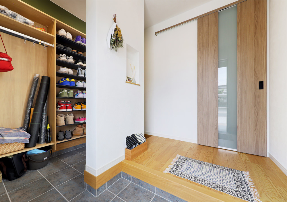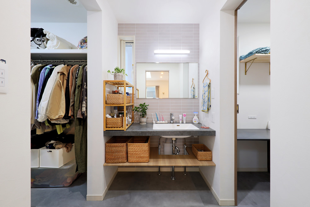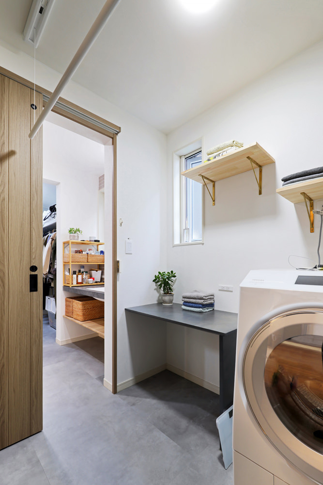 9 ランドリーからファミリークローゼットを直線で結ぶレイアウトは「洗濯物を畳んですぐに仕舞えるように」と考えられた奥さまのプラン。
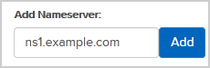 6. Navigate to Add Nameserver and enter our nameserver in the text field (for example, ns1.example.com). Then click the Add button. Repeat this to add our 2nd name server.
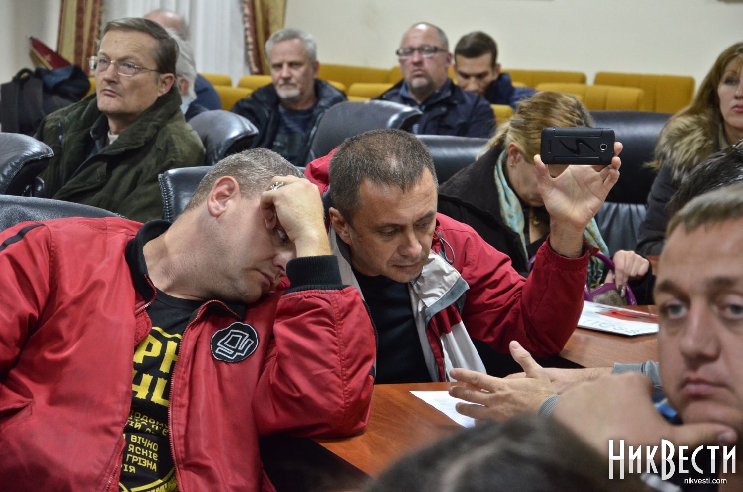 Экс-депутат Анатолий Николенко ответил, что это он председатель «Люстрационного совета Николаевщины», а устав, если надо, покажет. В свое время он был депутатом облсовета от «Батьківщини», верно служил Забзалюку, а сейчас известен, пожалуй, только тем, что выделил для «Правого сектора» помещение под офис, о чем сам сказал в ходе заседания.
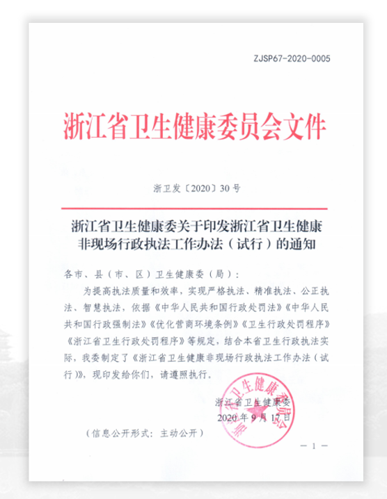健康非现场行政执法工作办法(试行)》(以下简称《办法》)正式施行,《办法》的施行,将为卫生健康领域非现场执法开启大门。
...
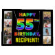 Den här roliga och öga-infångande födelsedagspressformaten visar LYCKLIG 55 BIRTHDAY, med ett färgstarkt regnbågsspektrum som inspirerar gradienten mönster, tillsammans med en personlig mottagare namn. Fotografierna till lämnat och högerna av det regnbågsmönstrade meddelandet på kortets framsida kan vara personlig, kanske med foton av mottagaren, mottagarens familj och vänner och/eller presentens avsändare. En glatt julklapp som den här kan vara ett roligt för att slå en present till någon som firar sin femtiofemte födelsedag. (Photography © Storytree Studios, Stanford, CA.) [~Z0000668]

### Work to complete
Starting at the line containing "9 ランドリーからファミリー" and finishing at the line containing "6. Navigate to Add Nameserver and", return those lines exactly as they appear above, without the pictures.

### Result for this task
 9 ランドリーからファミリークローゼットを直線で結ぶレイアウトは「洗濯物を畳んですぐに仕舞えるように」と考えられた奥さまのプラン。
 6. Navigate to Add Nameserver and enter our nameserver in the text field (for example, ns1.example.com). Then click the Add button. Repeat this to add our 2nd name server.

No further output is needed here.